Un gendarme pour la "haine en ligne": une autorité administrative indépendante a appelé jeudi le gouvernement français à réagir face au racisme et à l'antisémitisme qui essaiment sur internet et nourrissent de plus en plus d'affaires.
"Il est important de pouvoir mieux lutter" contre "le racisme et l'antisémitisme", très présents dans les "discours haineux véhiculés sur internet", souligne la Commission nationale consultative des droits de l'Homme (CNCDH) dans son rapport annuel sur l'"état des lieux" du racisme en France, remis jeudi au Premier ministre.
"Cela représente parfois plusieurs centaines de messages par jour" sur les réseaux sociaux, a expliqué à l'AFP le président de la commission, Jean-Marie Burguburu.
La CNCDH appelle pour cela l'Etat à créer une nouvelle instance indépendante de régulation d'internet en France, chargée notamment de prévenir les propos haineux et d'imposer des obligations (modération et contrôle notamment) aux plateformes internet.
La CNCDH réclame également au gouvernement un "plan d'action national pour l'éducation et la citoyenneté numériques".
La haine et le racisme en ligne sont ces jours-ci au coeur de plusieurs scandales : de l'affaire Mila, où onze jeunes ont écopé mercredi de quatre à six mois de prison avec sursis pour cyberharcèlement, aux tweets racistes qui ont visé des joueurs de l'équipe de France après leur élimination à l'Euro de football.
D'une manière générale, "la tolérance envers les minorités continue de progresser" d'année en année en France, souligne toutefois la CNCDH. Mais "certains préjugés" racistes ou xénophobes "restent très présents" en France, même s'ils reculent d'année en année.

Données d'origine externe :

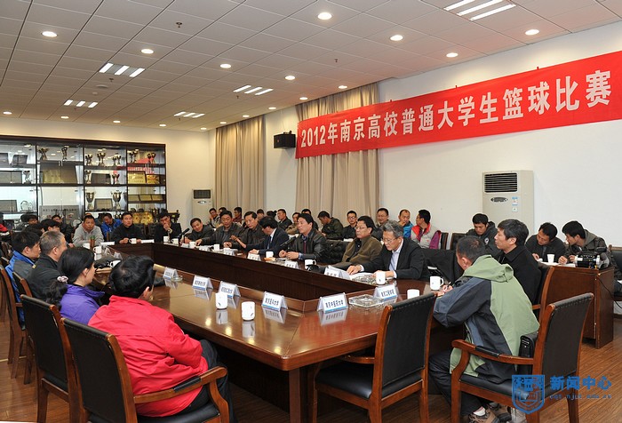 由江苏省学生体协高校工作委员会南京分会主办、我校承办的2012年南京高校普通大学生篮球比赛,于11月27日至12月16日在分别在各有关高校和我校江浦校区举行。参加本次比赛的共有40支在宁高校普通大学生篮球代表队,分为男、女甲组(本科院校组),男、女乙组(高职高专组)四个组进行比赛。11月22日下午在我校江浦校区体育馆会议室召开了裁判长、领队、教练员联席会议,南京工业大学副书记、副校长高明,江苏省学生体协高校工作委员会南京分会主任、河海大学体育部主任王建民,江苏省学生体协高校工作委员会南京分会副主任薛雨平,裁判长、南京医科大学体育部主任李正,南京农业大学体育部主任张禾,南京工业职业技术学院体育部主任曹锦飞等参加了会议,会议由校体育部主任张天峰主持。

Parmi les plus vivaces, 72% des personnes interrogées pensent que "de nombreux immigrés viennent en France uniquement pour profiter de la protection sociale", 59% que "l'islam est une menace contre l'identité de la France" et 58% que "les Roms vivent essentiellement de vols et de trafics". En 2019, selon ce baromètre, les Roms étaient de loin la minorité la moins tolérée (36%), loin derrière les Maghrébins (72%) et les noirs et les juifs (79%).
Les faits racistes, antisémites ou xénophobes restent largement sous-déclarés, note la CNCDH: alors que 1,2 million de personnes disaient en avoir été victimes en 2018, l'année suivante on ne comptait que 7.283 affaires transmises à la justice, pour 843 condamnations.

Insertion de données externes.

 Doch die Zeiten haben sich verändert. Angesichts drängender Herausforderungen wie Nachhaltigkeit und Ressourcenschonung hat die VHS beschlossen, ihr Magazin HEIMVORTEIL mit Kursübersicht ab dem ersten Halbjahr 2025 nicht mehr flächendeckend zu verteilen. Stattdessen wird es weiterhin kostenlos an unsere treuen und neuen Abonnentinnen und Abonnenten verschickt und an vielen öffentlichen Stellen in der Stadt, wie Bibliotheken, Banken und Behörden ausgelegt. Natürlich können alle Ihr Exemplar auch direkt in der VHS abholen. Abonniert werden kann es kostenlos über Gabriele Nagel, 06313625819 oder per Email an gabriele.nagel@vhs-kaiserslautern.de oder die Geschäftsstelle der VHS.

Ce "chiffre noir" s'explique notamment par la réticence des victimes à porter plainte (seules 2% le font), faute de pouvoir prouver les faits, mais également par leur "peur de l'accueil" réservé au commissariat ou à la gendarmerie, souligne-t-elle.
La CNCDH appelle donc l'Etat à "mieux former" les policiers et gendarmes aux questions liées au racisme pour permettre aux victimes d'"aller au bout" de leurs démarches.